The Reformation put an end to the Republic Dark Age. It was considered to be the start of the Golden Age of the Old Republic. In some cases, such as Palpatine's Declaration of a New Order marking the transition of the Old Republic to the Galactic Empire,[5] this event was even marked to be the "official" founding of the Old Republic.[6]

Simultaneously, Darth Bane's Sith Order also underwent its own reformation, reorganizing into the Rule of Two.

Behind the scenes[]

The Ruusan Reformation was introduced in the timeline in order to explain several differences between the Old Republic as presented in the comics, and the one which appeared in the prequel trilogy.

In Legends, the Republic is well established to be extant for about 25,000 years, based on Obi-Wan Kenobi's line in A New Hope that the Jedi had been "the guardians of peace and justice in the Old Republic" "for over a thousand generations." For a long time, Legends sources were the only works set during the Republic era—most notably the popular Tales of the Jedi sagas. However, in Attack of the Clones, Palpatine mentioned the Republic had "stood for a thousand years." This at first seemed to conflict with both the C-canon wider history and the G-canon in the films. In G-canon the difference between the Old Republic and the Galactic Republic was addressed in the second season of the TV show Star Wars: The Clone Wars, making reference to a fallen "Old Republic", in which the Jedi Order was also present, predating the Republic of the Prequel-era.[7]

Prior that, in the Expanded Universe, the Ruusan Reformation—in which the Republic is reorganized following the already-established defeat of the Sith a thousand years prior to the films at the Seventh Battle of Ruusan—was invented by subsequent writers to give an explanation on Palpatine's line, thus bringing all these sources into relative harmony through a retcon. It also explains how, in the context of the Expanded Universe, Sio Bibble could honestly claim, in Attack of the Clones, that there had not been a full-scale war since the formation of the Republic.
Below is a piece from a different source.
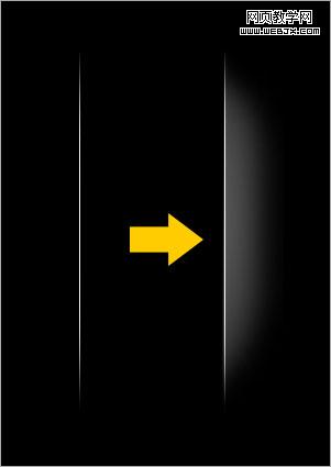12、創(chuàng)建新畫布,背景設(shè)為黑色,創(chuàng)建新圖層,使用鉛筆工具繪制1px的白色直線,并用柔角橡皮擦工具處理直線的兩端。創(chuàng)建新圖層,選擇柔角筆刷工具,將筆刷不透明度設(shè)為50%,沿直線涂抹畫布,使用橡皮擦工具將直線左側(cè)的部分擦除得到如下效果。

Palpatine's statement that the Republic had "stood for a thousand years" might have been hyperbole - in other words the equivalent of saying the Republic had "stood forever" and was not meant to be taken literally. Given Palpatine's nature as a politician, prone to making grandiose statements and generalizations, gives great weight to this argument. Sio Bibble's remark could also be taken the same way, he may not have considered the earlier wars as "full-scale" or alternatively there could have political revisions to the official Republic history (such as there are in real life) that could have led to majority public opinion that there had been no earlier wars, when in fact there had been.